In fairness, the implications of what she realized was happening were so monumental and overwhelming, the human brain simply couldn’t process them all. Just the fact that circumstances had allowed her to catch on to what was happening defied astronomical odds.

And yet here she was, trying to figure out a way to find out where she lived. Not where she had lived minutes before. Not the house she’d left less than an hour before.

Where she lived now.

It had started in a graveyard a few weeks back. She’d always enjoyed walking among tombstones and reading them. Walking up and down the rows and squinting to see weather-worn inscriptions.

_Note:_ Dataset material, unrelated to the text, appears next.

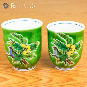 商品名:【九谷焼】組湯呑 ひわ地びわに鳥/美山窯 明治後期、石川県能美の地に九谷焼上絵付窯として開窯した、「美山窯」の作品。伝統的作風の中に現代的な感覚を取り入れ、造形・色調・デザインを研究し...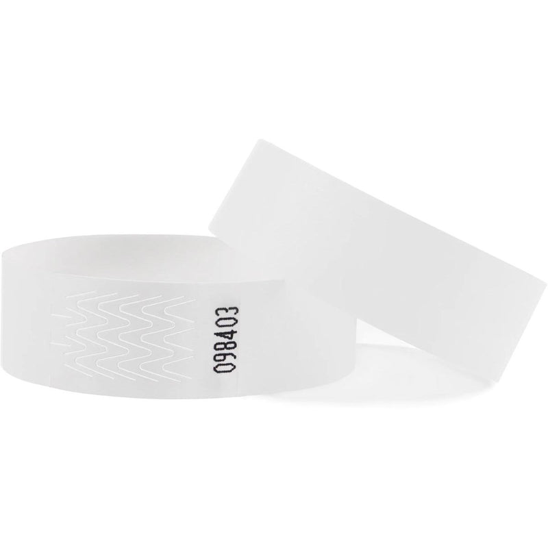 Tyvek polsbandjes Zowel voor volwassenen als kinderen Voorzien van een doorlopende nummering Met sterke plakstrook Met watervaste viltstift of pen te beschrijven Ft 1,9 x 25 cm Pak van 100 stuks

Whenever she visited a new town or went on vacation, she’d often end up at a new cemetery. The old ones were always her favorite.

What she’d never done until recently was visit the same graveyard twice. That came about as a result of two headstones that had captured her attention and then her imagination. Side by side, it was a husband and wife; Johnny (born 1913, died 1986) and Michelle (born 1916, died 1992) Shivell. On Johnny’s headstone was a poem that she’d never seen before. It was an ode to his wife Michelle, so touching that the girl returned the next day with pen and paper to copy it down.

But when she approached the two headstones, they were different. They read Johnny (born 1913, died 1983) and Michelle (born 1916, died 1979). There was no poem on Johnny’s gravestone. His wife Michelle had died four years before him.

Her head swam. How could she have gotten it wrong? Where was the poem?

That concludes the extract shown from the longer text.